I think we all have something new to which we now aspire.

Congrats, Mr. Hornby! That's an accomplishment few writers (I think) will achieve in their careers.

NU MFA buzz



Northwestern is starting a part-time creative writing MFA program, which is getting some buzz on the literary-blog circuit. (Lit blog circuit? Really? Yes.)

Details from the institution here, discussion here and here.

Friday, July 11, 2008

"Piles of cannabis and cocaine"


The literary detectives at Washington's Folger Shakespeare Library managed to recover a 400-year-old Shakespeare collection valued at $30 million. Some genius dropped it off to get it "verified as genuine." Turns out it was stolen from an English university 10 years ago. Oops.


My favorite line in this AP story about the theft and recovery is this: The book remains at the Folger Library, one of the world's leading centers of Shakespearean research. Durham Police said authorities felt it would be safer there than in "an FBI warehouse next to piles of cocaine and cannabis."

Image from http://literature.sdsu.edu/coursedescriptions/spring08/shakespeare.jpg.



Thursday, July 10, 2008

The Trib's favorite magazines


The Chicago Tribune has posted its 50 favorite magazines.

Among their picks, you would expect (and rightly so) The New Yorker, Chicago, Rolling Stone and Esquire. But would you guess that the list also includes G-Fan (made for and by Godzilla fanatics), Nintendo Power (no explanation needed there) and Modern Drunkard (oh, that I had created such a magazine title!)?

There's also a neat little typography quiz, on which I scored an 84 percent. Beat that.

Wednesday, July 9, 2008

Writing about writing

If you've ever been to a writer's conference, you know they have a way of putting your mind in a different place. Being around all those writers, fascinating and bizarre people, can distract you from your original purpose for attending (working on your craft). If you're lucky, accomplished and talented people are there, too, inspiring and coaching and sharing their thoughts. But there's also the element of strange, the parallel-universe-ness of it, that take you into a whole new world.

So maybe that's why I liked Rebecca McClanahan's piece, Scenes from a Weekend Poetry Conference, in the latest version of Brevity. She captures the beauty and the mystery of such events.

"Never before so much hair in one space, so much hair so carefully out of place, and to arrange a ripped T-shirt to slide over one bare shoulder is an art in itself, as is the negative capability of shawls that fall just far enough. Here are jeans slashed to reveal knees polished to perfection. The mysteries abound: why such violence? Was it passion, going down on the Muse, and who mussed her hair into such chaos?"

Read more from Brevity here.

So... I'm not a writer?

"As you may have heard, all the writers are in Brooklyn these days. It’s the place to be. You’re simply not a writer if you don’t live here. "

From "I Write in Brooklyn. Get Over It." The New York Times.

Feeling better about selling out:

This column on Poynter today had a few good reminders for why I left the newspaper business.

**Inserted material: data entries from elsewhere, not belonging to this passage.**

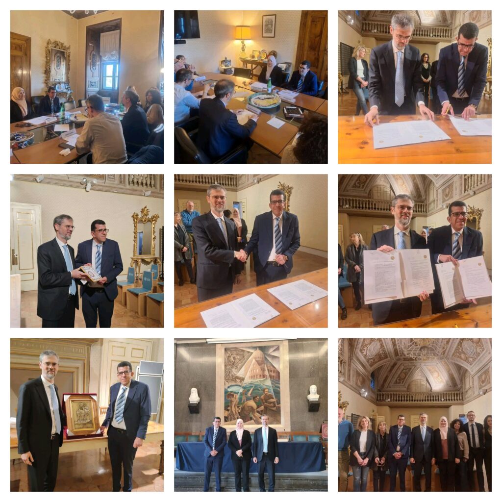 The Rector of Blida 2 University, Professor Bachir Amer, accompanied by the Vice-Rector for External Relations, Professor Safaa Oulad Heddar, paid an official visit to the University for Foreigners of Perugia in Italy, at the invitation of its Rector, Professor Valerio De Cesaris. This visit took place within the framework of renewing the cooperation agreement between the two institutions and strengthening prospects for joint academic partnership.
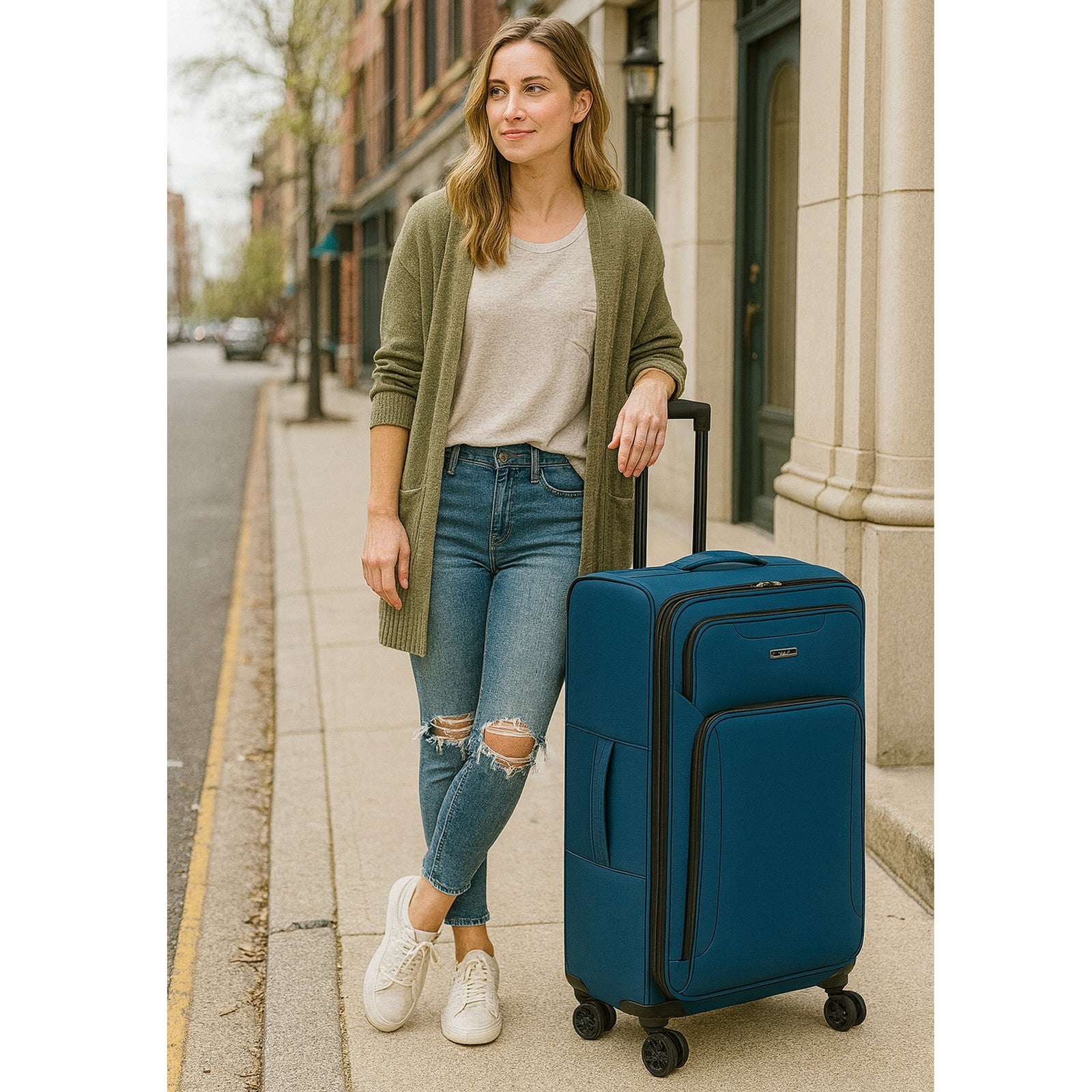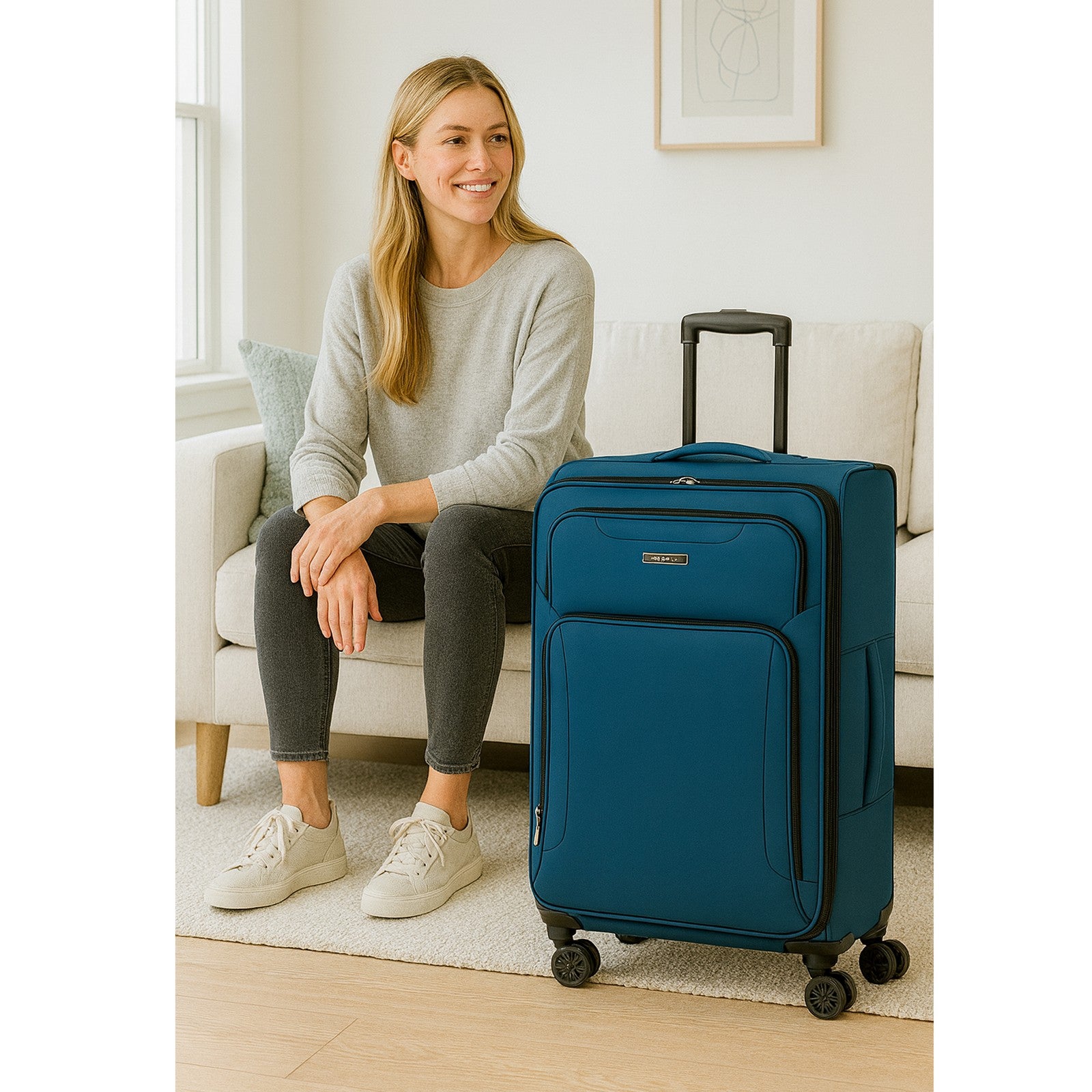 Smooth & Easy Maneuverability – Features eight 360° spinner wheels, a telescopic handle, and top and side carry handles for effortless navigation and lifting
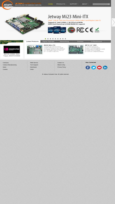 99%https://jetwayipc.com/company-overview/?lang=enJetway Information Co., Ltd. was established in Taipei in 1986, and Jetway is committed to the development, production and sales of professional industrial computer motherboards and computer peripherals. The main products are: industrial embedded boards, industrial standard systems, rack-mounted servers and industrial flat-panel computers, through regional system integrators and Agent channels, to provide OEM, ODM and EMS services, distribution to the global market.
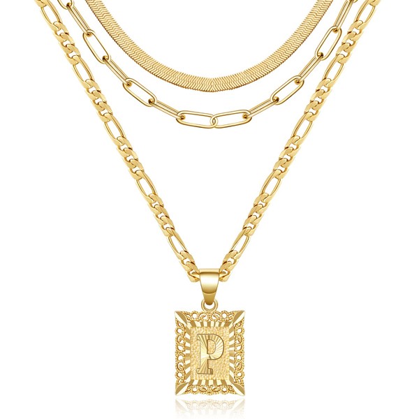 KissYan Gold Layered Necklace Set for Womens, 14K Gold Plated Initial Letter Pendant Necklaces Paperclip Snake Choker Alphabets from A-Z Figaro Chain Jewelry Gift, Stainless Steel, No Gemstone

"First, working in public relations does not preclude a return to journalism. I'd argue you might even be a better journalist for having had the experience of being covered by journalists. Second, there may well be days when you miss the rush; hopefully, there will be more days when you find great satisfaction in the work you choose to do. And finally, if anyone should feel betrayed, it should be the journalist who worked 11 hours a day for more than a decade and wasn't paid well enough to buy a house."

From Butch Ward, Poynter Institute Distinguished Fellow

I also love this affirmation he included:

Remember how talented you are: You can write. You can think critically. You can ask good questions. You are creative. You have passion. You can handle tight deadlines.The business world, I assure you, values these skills and -- this might be too obvious a point -- needs more people who possess them.